Blastoise shouldn't be switching into Jolt and Gar, but EQ's literally the reason they (especially Gar) don't want to switch into *it*. That's literally the point of using Blastoise (and not Cloyster, Gyarados, Kingler, or Lapras). Now, it is possible to run a Pokemon without the standard moves everyone expects, and it can even do well for a while because they're effectively playing against a Pokemon with 5 or 6 moves (the ones it actually has, and the ones they expect it to have). But you must realise that that kind of bluff depends on it not being the done thing; if I know you don't use EQ on Blastoise then I won't play around the possibility and you're playing a shitty knockoff of one of those four. Surprise sets are neat for individual players (provided they don't use them all the time), but putting them in an analysis as main sets is kinda paradoxical; the moment they're there, they're outdated, because people will expect them. Sets that actually do get to be standard (usually) get there because they're inherently good enough to still be worth it if they're expected.

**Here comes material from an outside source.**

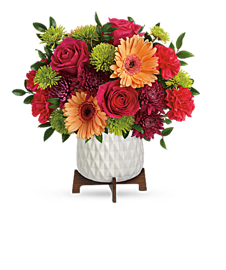 Talk about a bright idea! This cheerful bouquet of peach gerberas brings joy to any occasion--especially since the lucky recipient gets to keep the chic mid-century ceramic planter! This bright bouquet features peach gerberas, hot pink carnations, green cushion spray chrysanthemums, purple cushion spray chrysanthemums, and huckleberry. Delivered in Teleflora's Mid Mod Geometric Planter. Orientation: All-Around
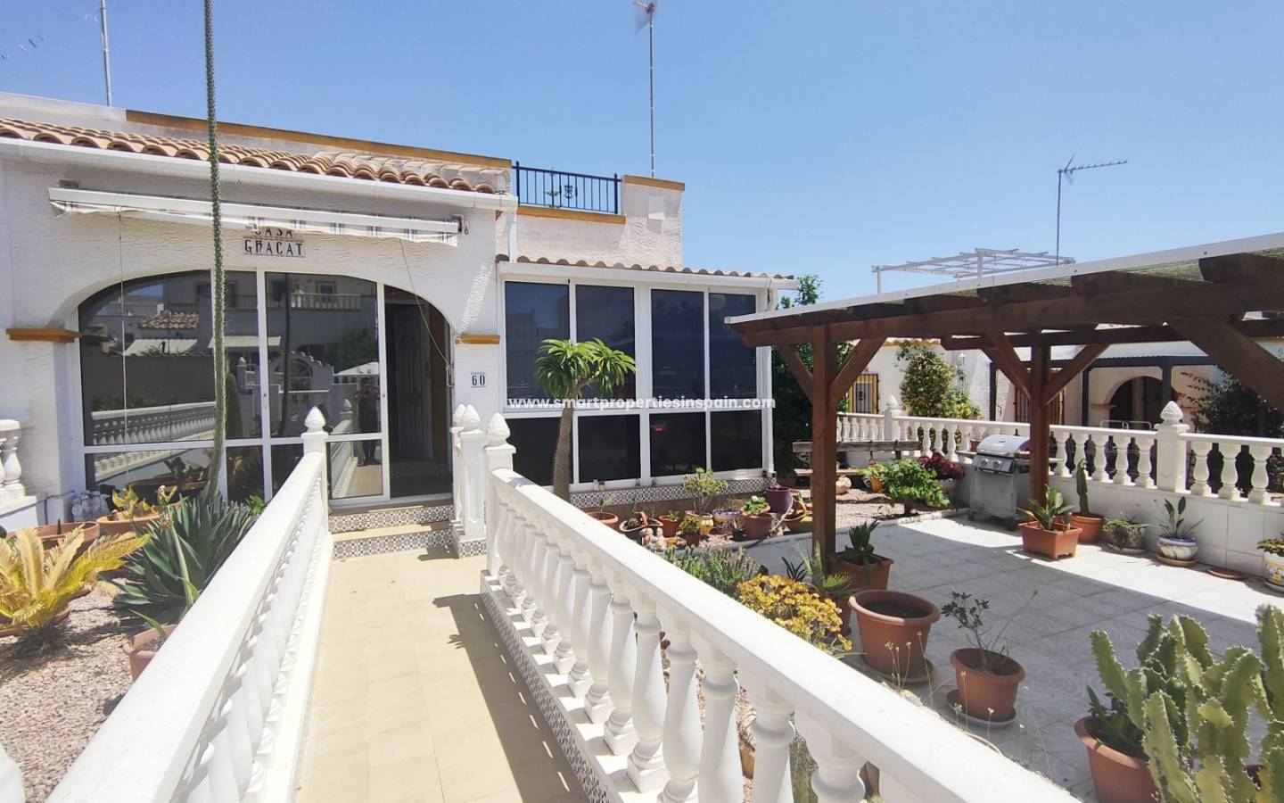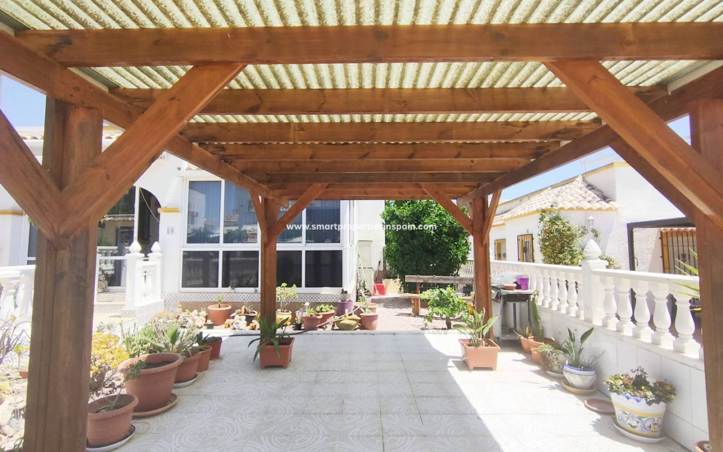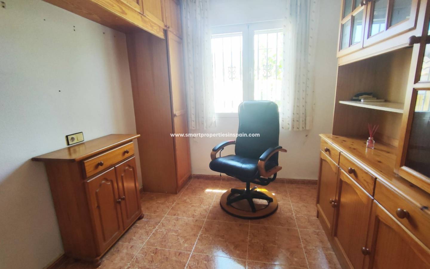 De woning ligt dicht bij voorzieningen en op slechts 500 meter lopen van een populair commercieel gebied, met veel voorzieningen zoals bars, restaurants, winkels, twee supermarkten en meer. De woning heeft een bebouwde oppervlakte van 70m² en staat op een mooi perceel van ongeveer 175m². Het pand is een bungalowstijl met alle accommodatie op één niveau voor gemakkelijk leven, te beginnen bij de ingang is er een klein overdekt terras, ideaal om te dineren. Dit leidt naar een comfortabele ruime woonkamer met een speciale eetkamer voorzien van airconditioning. Er is een aparte keuken en aan de achterzijde een bijkeuken met meer ingebouwde kasten voor opslag. Drie tweepersoons slaapkamers waarvan twee met inbouwkasten en een badkamer met wastafel, toilet en een ruime douche. Toegang via de bijkeuken, een trap leidt naar een afgewerkte serre, kan worden gebruikt als een tweede lounge (zomerkamer) met openslaande deuren naar een groot dakterras.

(You're not the first or the best to mistake an unexpected set's gains from surprise for inherent benefits of the set itself; it's an easy trap to fall into.)
 
If you're trying to use Blastoise as a substitute for the generic OU water types then it's inferior, but I think this is unfair to Blastoise. As mentioned above it learns Earthquake and Counter, two moves which I think make it unique.
Nope. Slowbro learns both of those moves, has higher bulk, has the extremely valuable Psychic-typing, and though its attack stat is slightly lower, it still 2HKOs Jolteon and Gengar, the 2 only reasons you'd ever run Earthquake instead of a more useful move. It technically is faster, but there isn't anything slower than Blastoise that you need Earthquake for, and Slowbro can use Thunder Wave to gain speed advantage anyway. Blastoise is completely outclassed in any practical competitive aspects. Using Blastoise over Slowbro or another Water-type would be like using Dewgong over Lapras, a straight downgrade that only has speed as a flimsy excuse to ever use it.
 

Party Boy

Banned
I don't see the words "Surf" and "Hydro Pump" in my post.

My second paragraph wasn't directed at you, that's why I made it a new paragraph. You sound defensive - I'm not "arguing" with you, we're having a friendly discussion :)

Now, it is possible to run a Pokemon without the standard moves everyone expects, and it can even do well for a while because they're effectively playing against a Pokemon with 5 or 6 moves (the ones it actually has, and the ones they expect it to have). But you must realise that that kind of bluff depends on it not being the done thing; if I know you don't use EQ on Blastoise then I won't play around the possibility and you're playing a shitty knockoff of one of those four. Surprise sets are neat for individual players (provided they don't use them all the time), but putting them in an analysis as main sets is kinda paradoxical; the moment they're there, they're outdated, because people will expect them. Sets that actually do get to be standard (usually) get there because they're inherently good enough to still be worth it if they're expected.

That's a really interesting observation which hadn't occurred to me.
 

Sevi 7

Member
would be like using Dewgong over Lapras, a straight downgrade that only has speed as a flimsy excuse to ever use it.
But Dewgong can use its higher speed with Headbutt, which means when combined with Hyper Beam, you can flinch chansey to death 1% of the time. It's clearly being slept on right now.
 
But Dewgong can use its higher speed with Headbutt, which means when combined with Hyper Beam, you can flinch chansey to death 1% of the time. It's clearly being slept on right now.
Bit more than 1%, particularly if it's paralysed (and if it's not paralysed, why aren't you trying to freeze it?). Lapras with Confuse Ray + Hyper Beam isn't far from par, though (what's the distribution on confusion turns again? I forget).